フリード様の舌がまた侵入してきて、再び私の舌へと絡み付いていきました。

「んっ……」


今度は上顎や歯茎など、普段あまり意識することのない箇所まで丁寧に舐められていきますが…鼻で息をするということを覚えた私は息苦しさもなく。


初めて感じる快感のような不思議な感覚に頭をボーッとさせながら、必死にフリード様の舌を受け入れていきました。

「ぁ…んっ……」


どれくらいの時間唇を重ね合っていたのか分かりませんでしたが、ようやくフリード様は唇を離されました。


どちらのものかも分からない銀糸がお互いの唇を繋いでいましたが、すぐに切れ、私の口の端から溢れ出た唾液はフリード様により綺麗に舐めとられました。


その光景があまりにも艶かしくて、私は見惚れることしかできませんでした。


「リア……。他の誰にもそんな表情を見せてはいけないよ。ずっとこうしてたいけど……これ以上したら止まれなくなりそうだ」


フリード様はそう言うと、名残惜しそうな顔をしながらも私を膝から降ろしてくださいました。

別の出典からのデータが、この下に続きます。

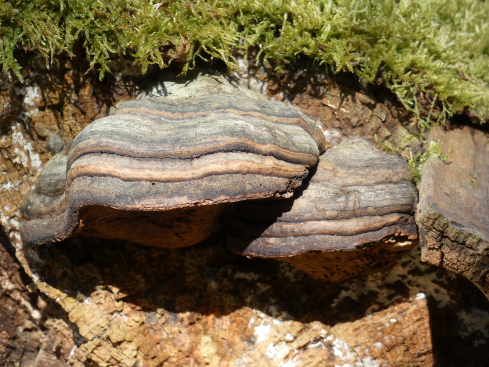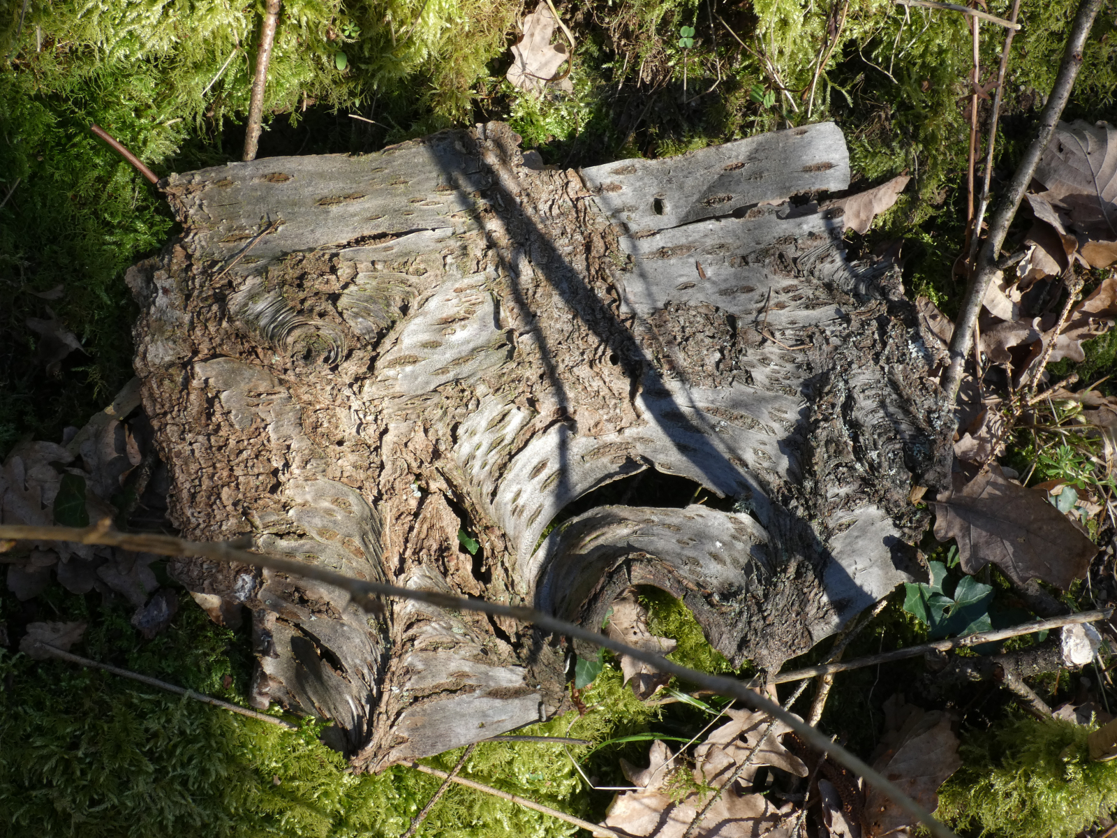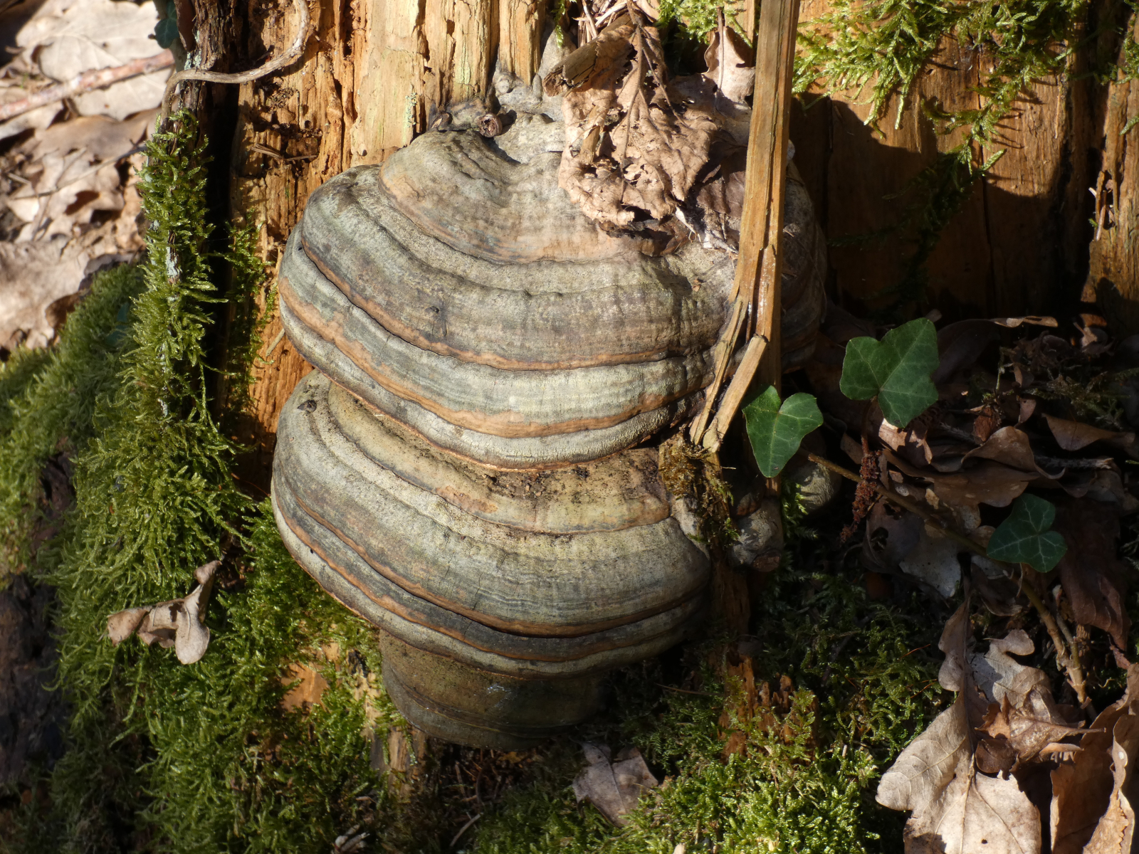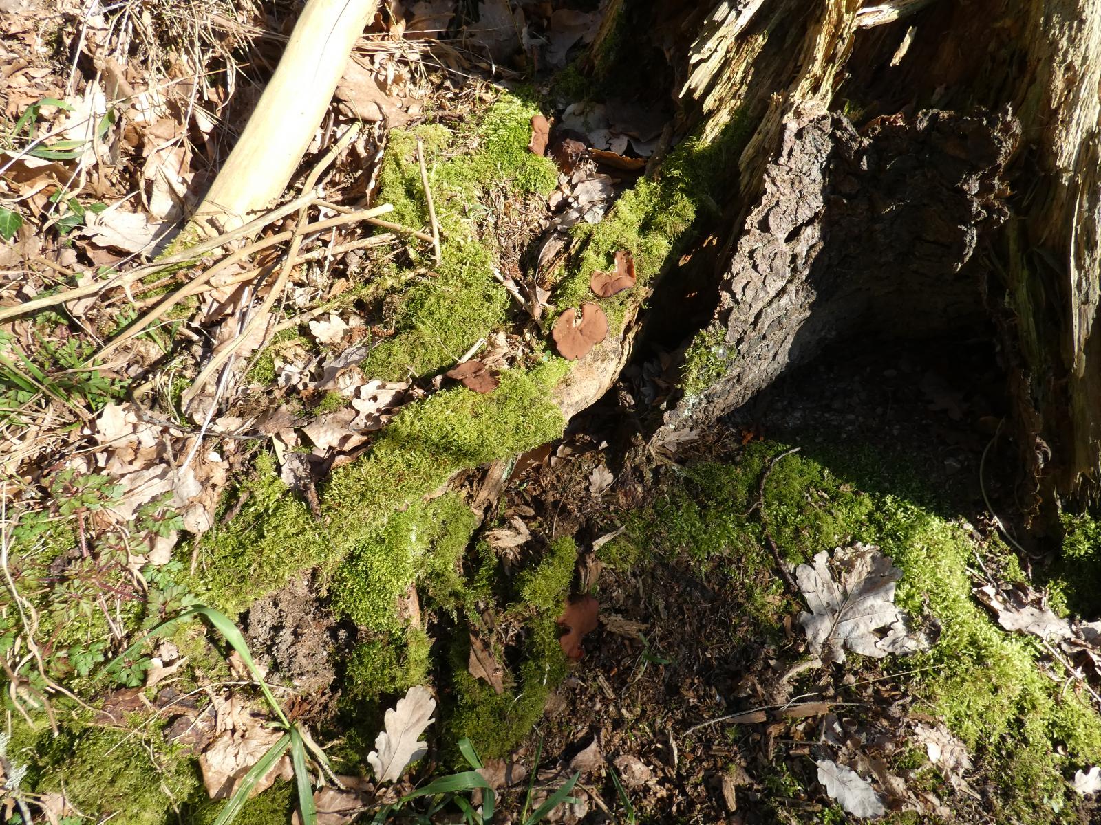 Gestern, im schönsten Sonnenschein in einem Wald in unserer NĂ€he, machte ich zwei schöne Funde: zuerst einen gefallenen Baumstamm und dessen Stumpf, wundervoll besetzt mit - ich glaube - ZunderschwĂ€mmen. Korrigiert mich bitte, wenn ich falsch liege! Diese Fotos machte Mr. Kagi fĂŒr mich.

「終わってしまってよろしいのですか?私まだ…フリード様にむ…胸すらさらけ出していませんわ」


言葉にしている最中…とんでもないことを言ってしまったことに気づき、顔にさらに熱が集まってくるのが自分でも分かりましたわ。

はしたない女だと思われたかもしれません……。


フリード様は驚愕したような表情を浮かべると、私の肩を掴みじっと見つめてきました。

「あ……あの……?」


「リア!今なんと言った?僕の聞き間違いでなければ……僕の理性を壊しにかかってきたように聞こえたんだけど!」



「終わってしまってよろしいのですかとお尋ねしましたわ」

私はフリード様の迫力に負け、さきほど言った言葉を繰り返しました。


「ちっ違う。その後は?その後だよ」


「ええと……私はまだ……フリード様に……その……胸すらけ出していませんわ……ですけれど……」


それを聞いたフリード様の顔はみるみると赤くなっていき、はくはくと口を動かしていました。


「リア……どこでそんな言葉を…。いやもしかして兄上と……!?」


とても小さな声で呟くように言うフリード様に、私は慌てて否定しました。


「誤解なさらないで!私は一度もエイクズ殿下と触れ合ってもおりませんし。キスもフリード様が初めての相手でしたわ!ただ…深く触れると言うのはああいうことだと思っておりましたの」


羞恥から瞳が潤みつつも、フリード様の勘違いを解くために一生懸命説明いたしました。